■ **Input data**
=====
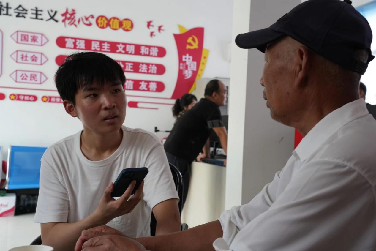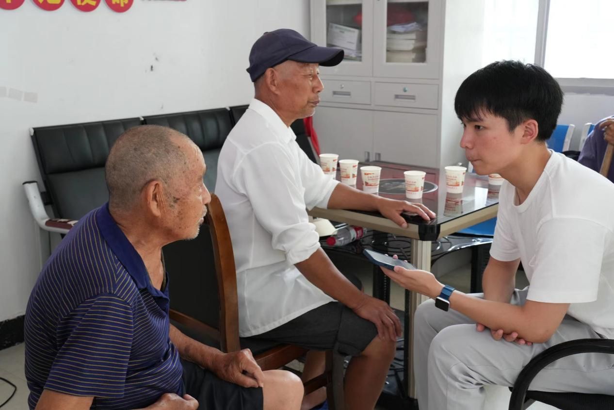 图为团队成员采访革命烈士覃辅臣后代覃大亚。
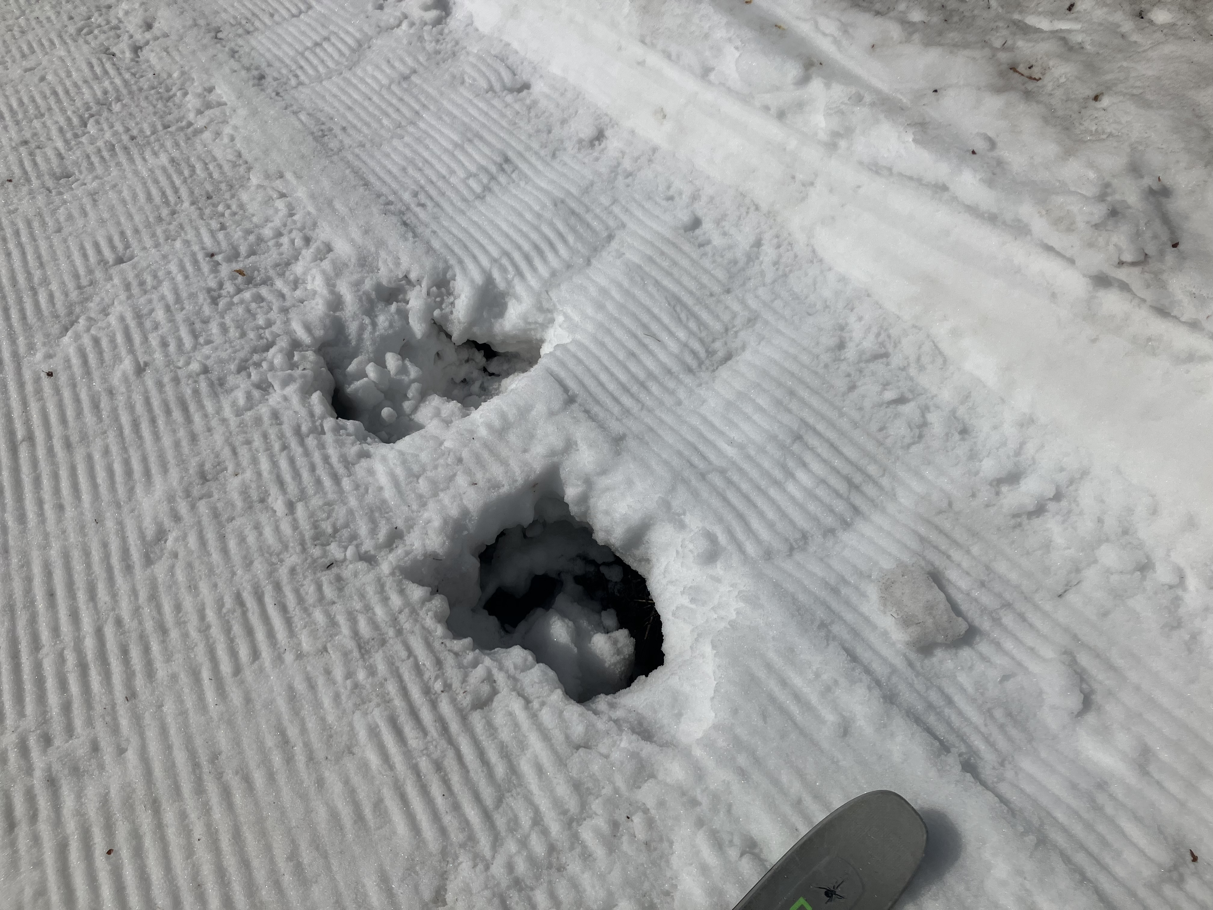 ​ゲレンデを巡回していると、あちこちに危険な「春の罠」が仕掛けられています。
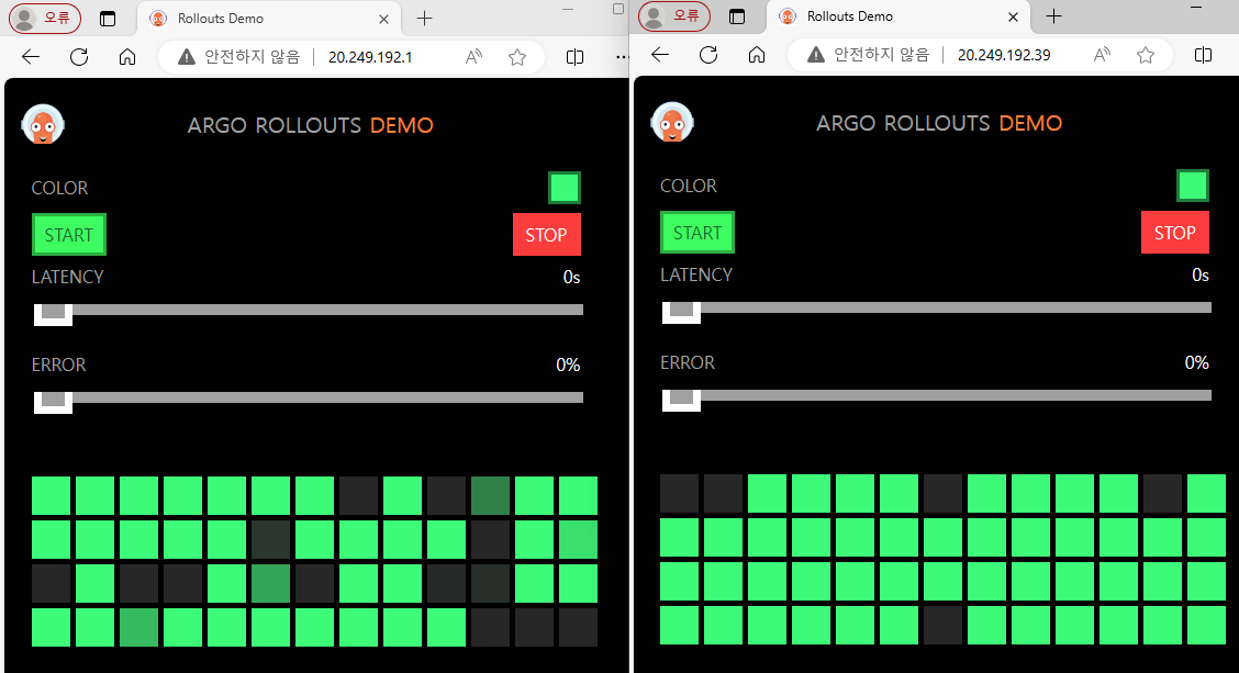 새로운 버전의 replicaset이 배포되면 preview 서비스는 기존의 replicaset(Blue버전)에서 새로운 replicaset(Green버전)으로 트래픽이 변경된다. 이에, preview 서비스 IP로 접속했을 때 Green 버전으로 변경된 것을 확인할 수 있다.
=====
Copy all of the material word for word, and include none of its pictures.

 图为团队成员采访革命烈士覃辅臣后代覃大亚。
 ​ゲレンデを巡回していると、あちこちに危険な「春の罠」が仕掛けられています。
 새로운 버전의 replicaset이 배포되면 preview 서비스는 기존의 replicaset(Blue버전)에서 새로운 replicaset(Green버전)으로 트래픽이 변경된다. 이에, preview 서비스 IP로 접속했을 때 Green 버전으로 변경된 것을 확인할 수 있다.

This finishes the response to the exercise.